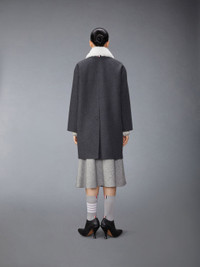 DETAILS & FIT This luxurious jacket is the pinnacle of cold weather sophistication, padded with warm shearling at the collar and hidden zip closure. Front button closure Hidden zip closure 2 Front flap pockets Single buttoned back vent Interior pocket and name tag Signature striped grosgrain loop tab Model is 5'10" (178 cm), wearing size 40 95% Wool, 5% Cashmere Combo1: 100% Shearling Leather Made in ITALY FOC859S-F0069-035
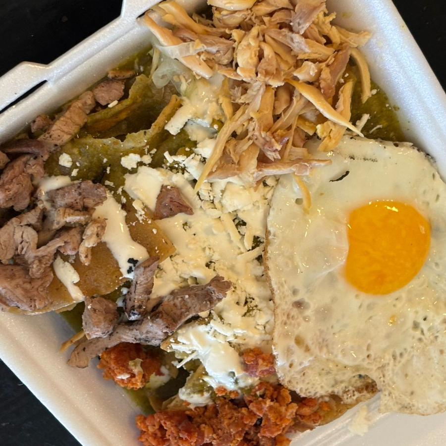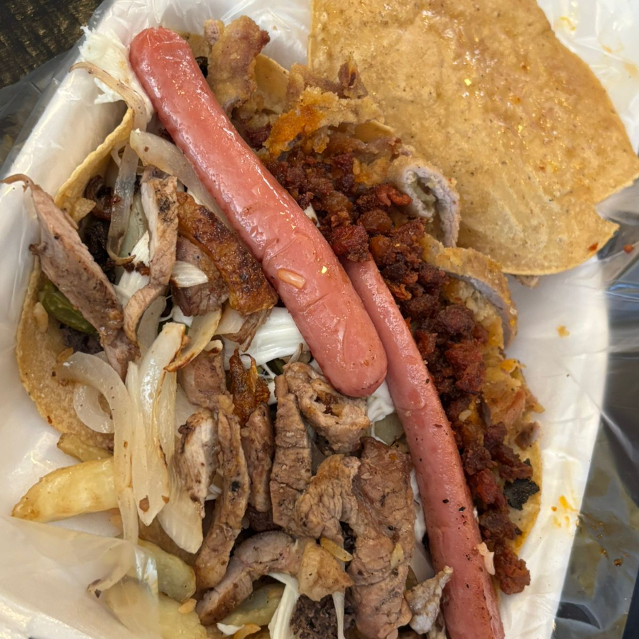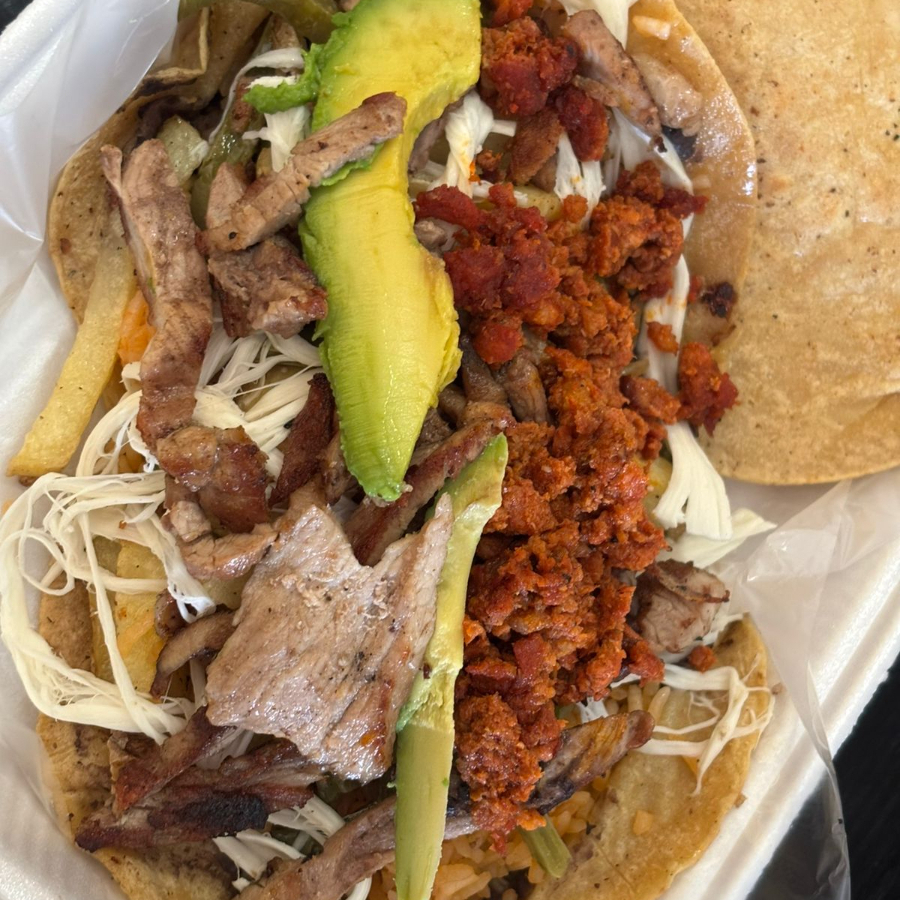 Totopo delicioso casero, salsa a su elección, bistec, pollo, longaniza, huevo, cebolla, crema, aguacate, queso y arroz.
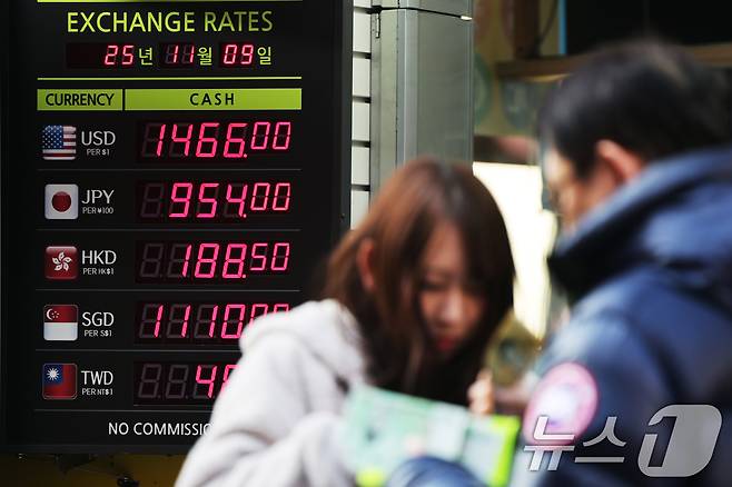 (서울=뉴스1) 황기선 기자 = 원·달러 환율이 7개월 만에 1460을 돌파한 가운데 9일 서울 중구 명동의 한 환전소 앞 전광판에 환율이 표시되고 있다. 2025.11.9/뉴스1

────────────────────

To do: Repeat the data exactly, dropping every picture it holds.

Task solution:
 DETAILS & FIT This luxurious jacket is the pinnacle of cold weather sophistication, padded with warm shearling at the collar and hidden zip closure. Front button closure Hidden zip closure 2 Front flap pockets Single buttoned back vent Interior pocket and name tag Signature striped grosgrain loop tab Model is 5'10" (178 cm), wearing size 40 95% Wool, 5% Cashmere Combo1: 100% Shearling Leather Made in ITALY FOC859S-F0069-035
 Totopo delicioso casero, salsa a su elección, bistec, pollo, longaniza, huevo, cebolla, crema, aguacate, queso y arroz.
 (서울=뉴스1) 황기선 기자 = 원·달러 환율이 7개월 만에 1460을 돌파한 가운데 9일 서울 중구 명동의 한 환전소 앞 전광판에 환율이 표시되고 있다. 2025.11.9/뉴스1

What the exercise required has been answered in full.